Activity: Copy, exactly as written, the lines that begin at the one containing "上午11时,校领导一行进入食" and end at the one containing "Weekly Wrap Up". Skip any pictures in the data below.

Records shown:
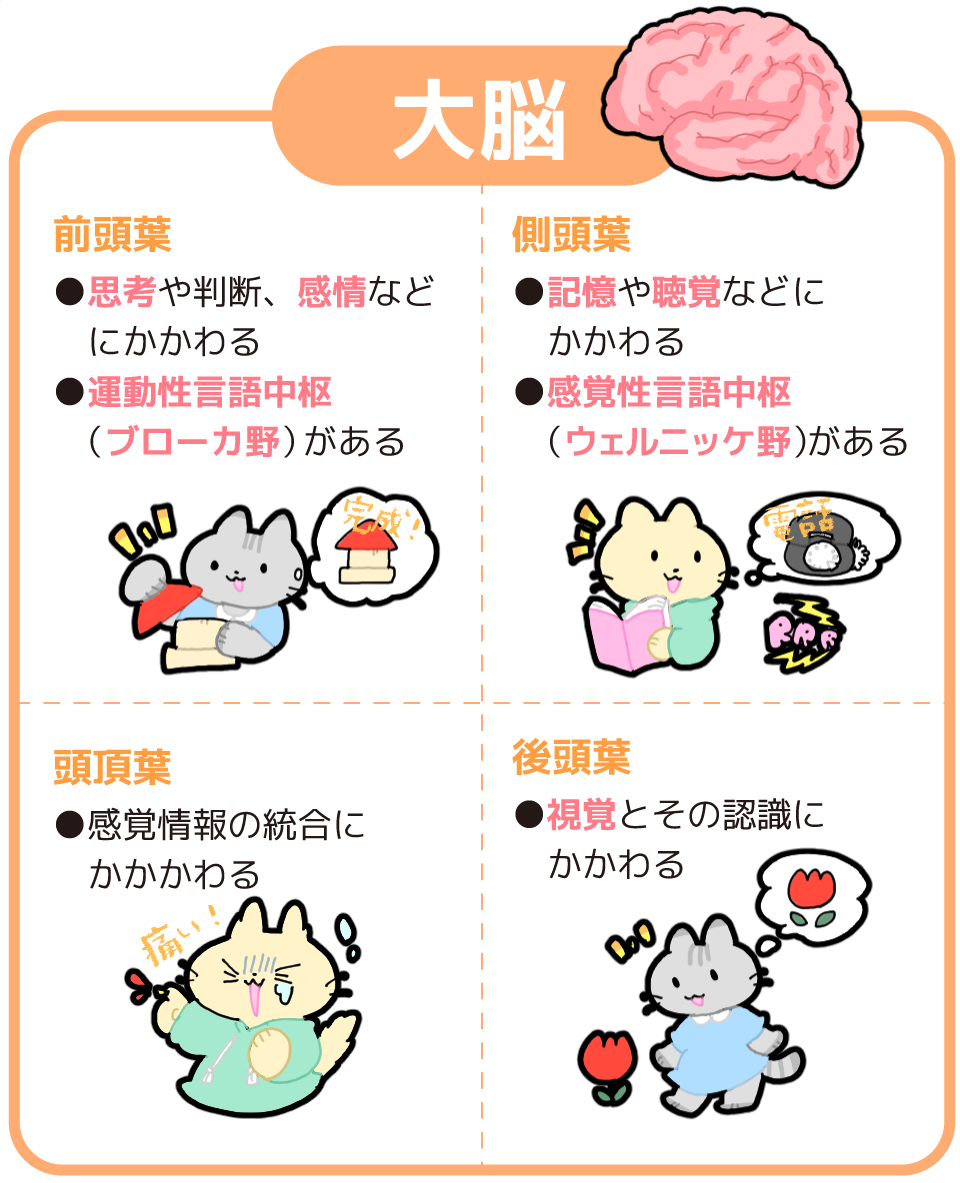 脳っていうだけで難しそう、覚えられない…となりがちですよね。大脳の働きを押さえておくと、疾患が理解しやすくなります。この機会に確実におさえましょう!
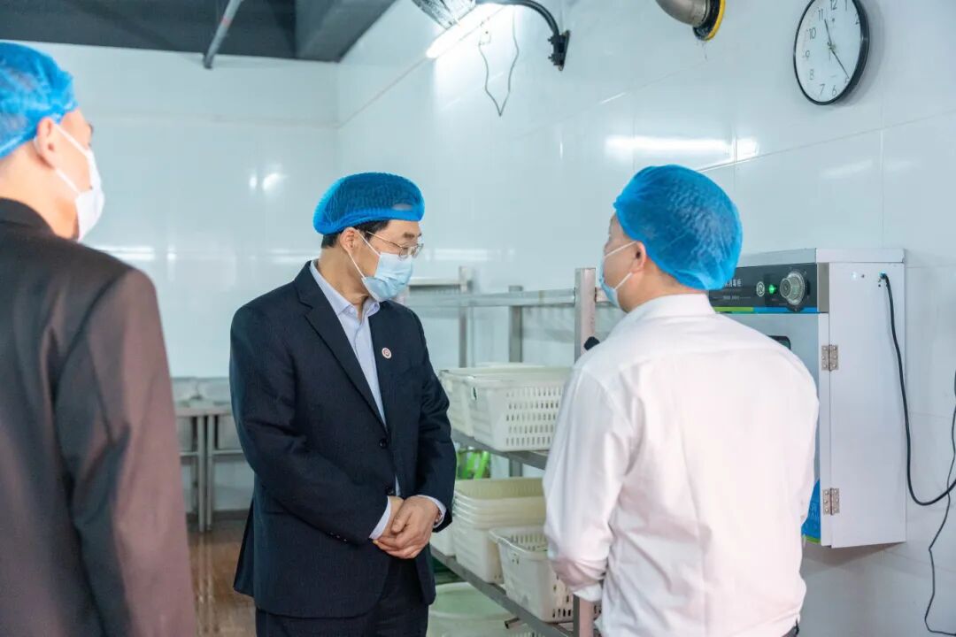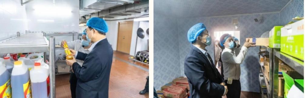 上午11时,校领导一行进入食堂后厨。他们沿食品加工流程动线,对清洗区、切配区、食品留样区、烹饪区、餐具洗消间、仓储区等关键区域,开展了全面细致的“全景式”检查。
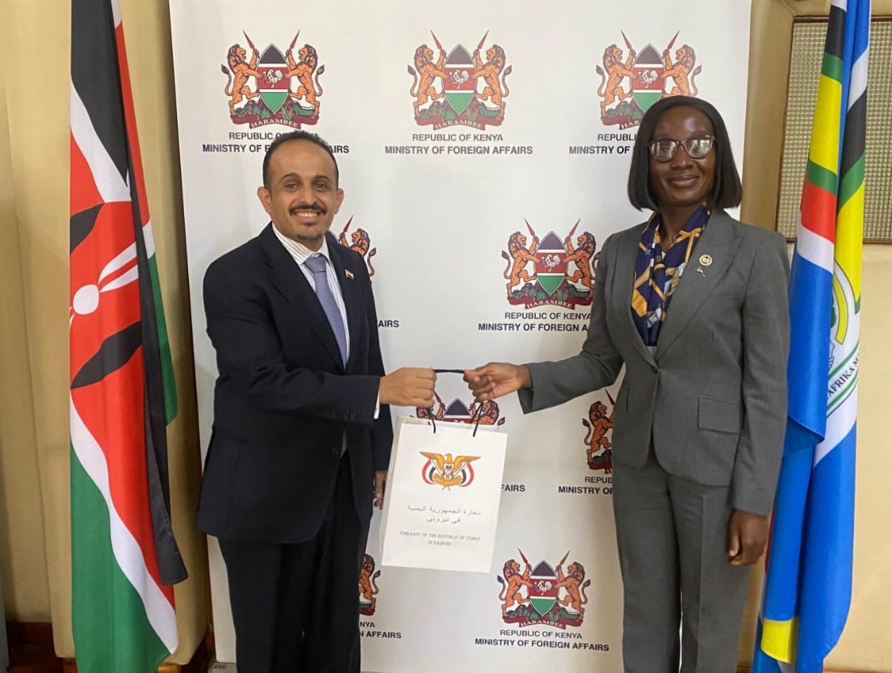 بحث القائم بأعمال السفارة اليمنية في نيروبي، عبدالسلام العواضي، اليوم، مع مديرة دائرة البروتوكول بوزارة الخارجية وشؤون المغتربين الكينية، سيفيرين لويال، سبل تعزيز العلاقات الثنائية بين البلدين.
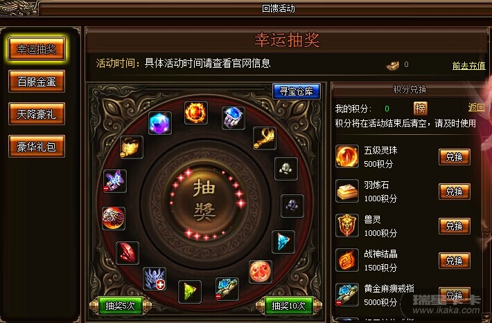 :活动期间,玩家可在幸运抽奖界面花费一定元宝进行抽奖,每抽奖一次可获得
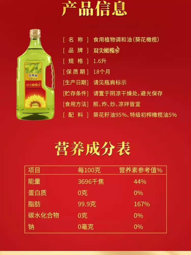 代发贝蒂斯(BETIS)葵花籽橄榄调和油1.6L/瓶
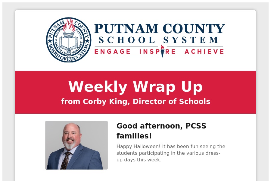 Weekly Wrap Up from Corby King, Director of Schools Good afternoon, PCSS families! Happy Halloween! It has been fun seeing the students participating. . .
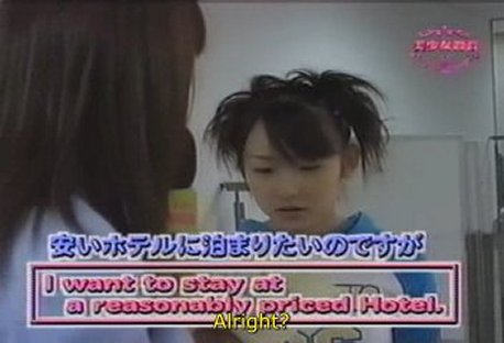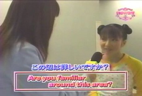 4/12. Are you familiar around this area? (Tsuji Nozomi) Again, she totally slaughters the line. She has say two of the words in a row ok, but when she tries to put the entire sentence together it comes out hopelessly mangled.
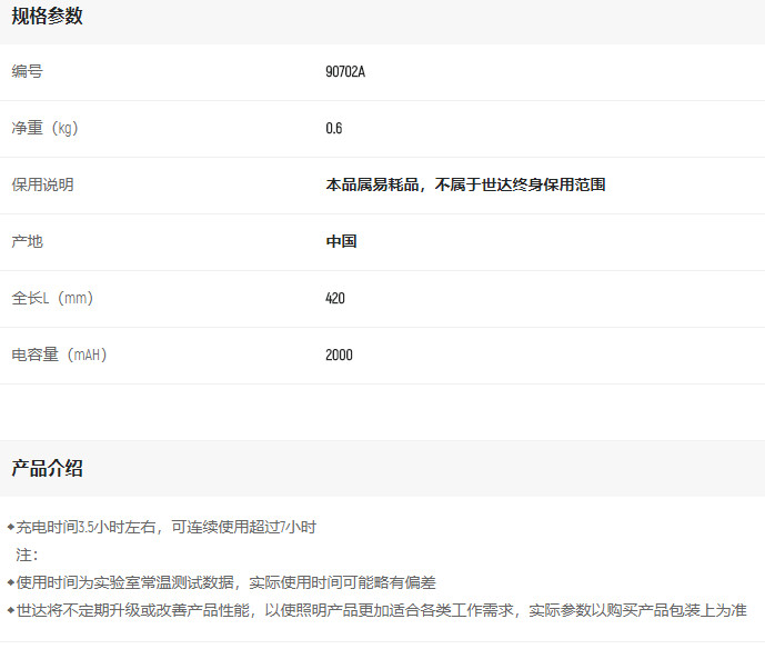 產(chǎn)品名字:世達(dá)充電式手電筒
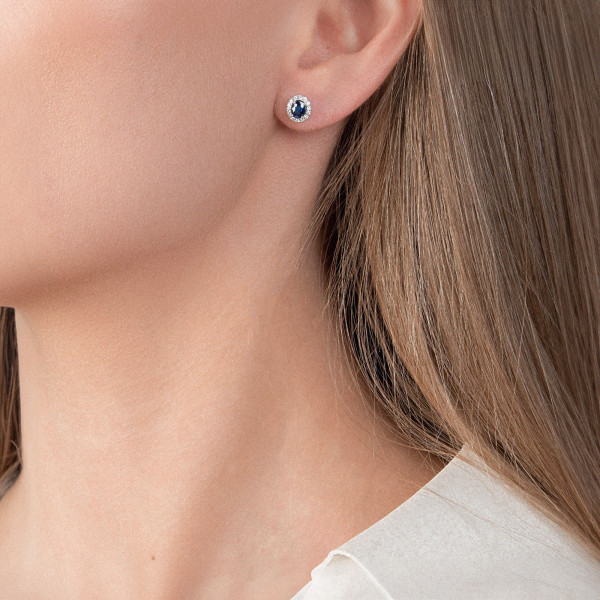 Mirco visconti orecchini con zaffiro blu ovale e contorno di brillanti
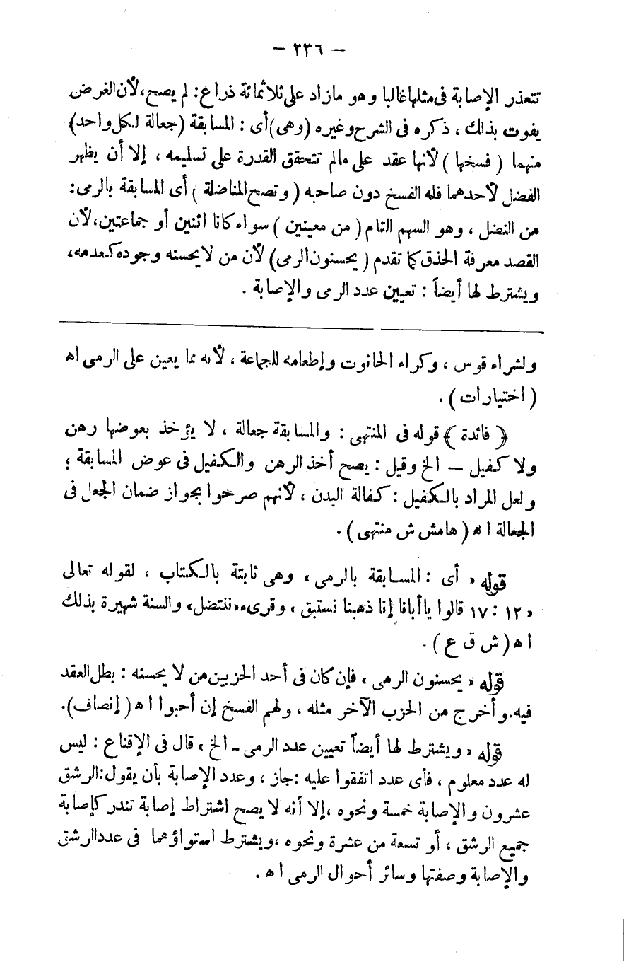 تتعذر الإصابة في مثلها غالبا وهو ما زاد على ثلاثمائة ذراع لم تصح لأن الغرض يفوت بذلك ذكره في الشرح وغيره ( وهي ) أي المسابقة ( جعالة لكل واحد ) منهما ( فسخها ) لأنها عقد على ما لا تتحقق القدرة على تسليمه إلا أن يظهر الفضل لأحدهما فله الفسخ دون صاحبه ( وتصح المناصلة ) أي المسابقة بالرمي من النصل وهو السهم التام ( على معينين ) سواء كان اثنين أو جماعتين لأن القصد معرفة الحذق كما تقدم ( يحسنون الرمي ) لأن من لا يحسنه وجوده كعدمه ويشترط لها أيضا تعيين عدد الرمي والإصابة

Problem solution:
 上午11时,校领导一行进入食堂后厨。他们沿食品加工流程动线,对清洗区、切配区、食品留样区、烹饪区、餐具洗消间、仓储区等关键区域,开展了全面细致的“全景式”检查。
 بحث القائم بأعمال السفارة اليمنية في نيروبي، عبدالسلام العواضي، اليوم، مع مديرة دائرة البروتوكول بوزارة الخارجية وشؤون المغتربين الكينية، سيفيرين لويال، سبل تعزيز العلاقات الثنائية بين البلدين.
 :活动期间,玩家可在幸运抽奖界面花费一定元宝进行抽奖,每抽奖一次可获得
 代发贝蒂斯(BETIS)葵花籽橄榄调和油1.6L/瓶
 Weekly Wrap Up from Corby King, Director of Schools Good afternoon, PCSS families! Happy Halloween! It has been fun seeing the students participating. . .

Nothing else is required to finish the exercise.